For now I just want to know, what steps closest-pair heuristic makes. A picture similar to the bottom one with numbers associated with each iteration along with explanation would be appreciated.

Here is the link to the book taken from that post.

I don't have the book, but it is showing a comparison of the nearest neighbor heuristic to the optimal solution for this data. The data shown here is (-21, -5, -1, 0, 1, 3, 11).

The confusion may be between a "local" greedy algorithm and a "global" greedy algorithm (for lack of better word). The nearest neighbor shown above is strictly local. The "robot" starts at 0 and chooses to go to 1, because it is the closest path. The robot is at 1, and finds the next closest point is -1. Then the robot is at -1 and the next closest point is 3, and so on.

The closest pair is more global. It is looking at all optimal edges at once. So, the algorithm starts at 0 and finds four that are exactly 1 unit apart (0, 1), (1, 0), (-1, 0), and (0, -1). It would add two distinct pairs creating the graph (-1, 0, 1). This could be either directed or non-directed.

Then it would repeat, and notice that (1, 3) is the next smallest edge, and so on, until it arrives at the optimal solution.

The difference is that in the nearest neighbor case, the robot can only look at the neighbors of where it is currently located. In the closest pair case, you can look at all edges to choose the smallest one.

I agree this is not very clear in the book (which is a bit of a downer as the reader encounters it right away - page 7 in my edition).

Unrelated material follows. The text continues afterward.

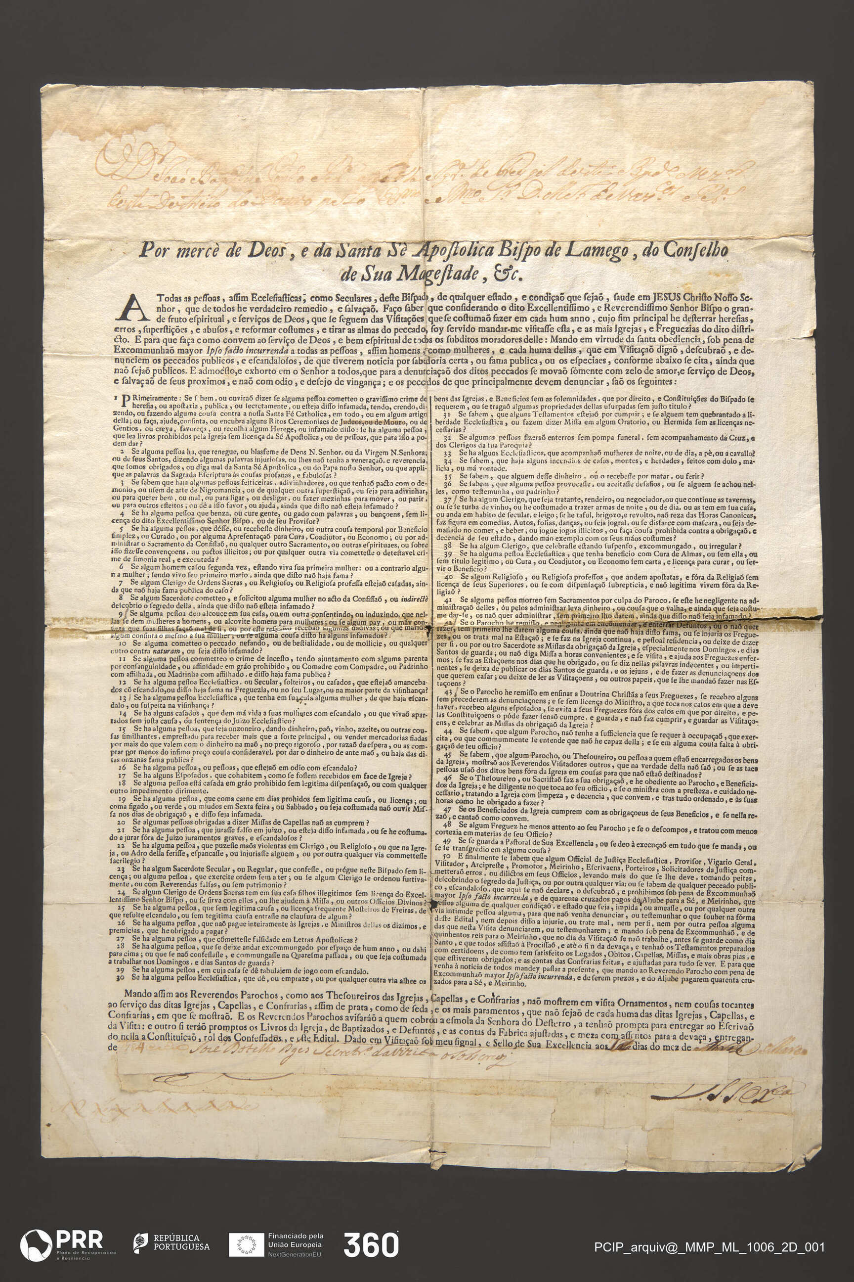 Matéria/Técnica: Impressão; Cronologia: 1784; Autoria: Nossa Senhora, D. Frey Feliciano de - Bispo de Lamego; Dimensões (cm): Altura: 58,1 x Largura: 41,4.

I think the difficulty here is not in the closest-pair heuristic itself. The key is noticing that the heuristic is not itself supposed to be the solution to the problem! Only a part (arguably the most important part) of an algorithm that is never fully described in the book (probably because this is intended as a wrong algorithm). With the heuristic, you get the pairs of vertexes that should be connected, but not the order in which they ought to be connected. For that, something more is needed.

For completeness, here is the problem statement from the book

Problem: Robot Tour Optimization

Input: A set S of n points in the plane

Output: What is the shortest cycle tour that visits each point in the set S

Now, the closest-pair heuristic, as defined in the book and quoted here, only gives you a set/list of connections, not the tour itself, and so not the required solution. To obtain the tour you would have to do something more. An overall (flawed!) solution using this strategy would look something like:

1) Initialize the output list of vertexes to visit as the empty list (call it RET).
2) Obtain the list of connections (vertex pairs) given by ClosestPair (let it be L)
3) If L is empty, jump to 12
4) Remove an arbitrary connection from L (call it C1).
5) Choose an arbitrary vertex from C1 (call it V1)
6) Append V1 to RET
7) Remove from L the other connection that contains V1 (call it C2)
8) Choose the other vertex from that connection (call it V2)
9) append V2 to RET
10) Set V1=V2
11) If L is not empty, jump back to 7
12) return RET

Or in pseudo-code

Alg(P): # P is the input set of points
    RET = []
    L = ClosestPairs(P)
    if(L.empty()):
        return RET
    C1 = L.getAndRemoveRandomElement()
    V1 = C1.getRandomVertex()
    RET.append(V1)
    while(!L.empty()):
        C2 = L.getAndRemoveElementContaining(V1)
        V2 = C2.getTheOtherVertex(V1)
        RET.append(V2)
        V1 = V2
    return RET

I was going through the same problem of understand this heuristic, my answer might help the others facing the same problem.

What does the robot need is a closed path which visits all the points and cycle backs to its original position. There is a statement mentioning premature termination which insists that the path should be full (visiting all points i.e.. we should not join some pair of vertices such that they create a smaller closed path).

Now going through the example below

here the by using the closest-pair heuristic we will find a path which connects all the points in a line and then connects the remaining end points with each other (-21 , 11). So whether robot starts with 0 or -21 or 11, it will be travelling the same distance (it will circle back to its starting position for next iteration). This distance will be the optimal distance.

But the above approach fails in the case below

here the closest pair path turns out to be the image on the left, while the optimal path should be the image on the right, hence the heuristic fails to give the correct solution.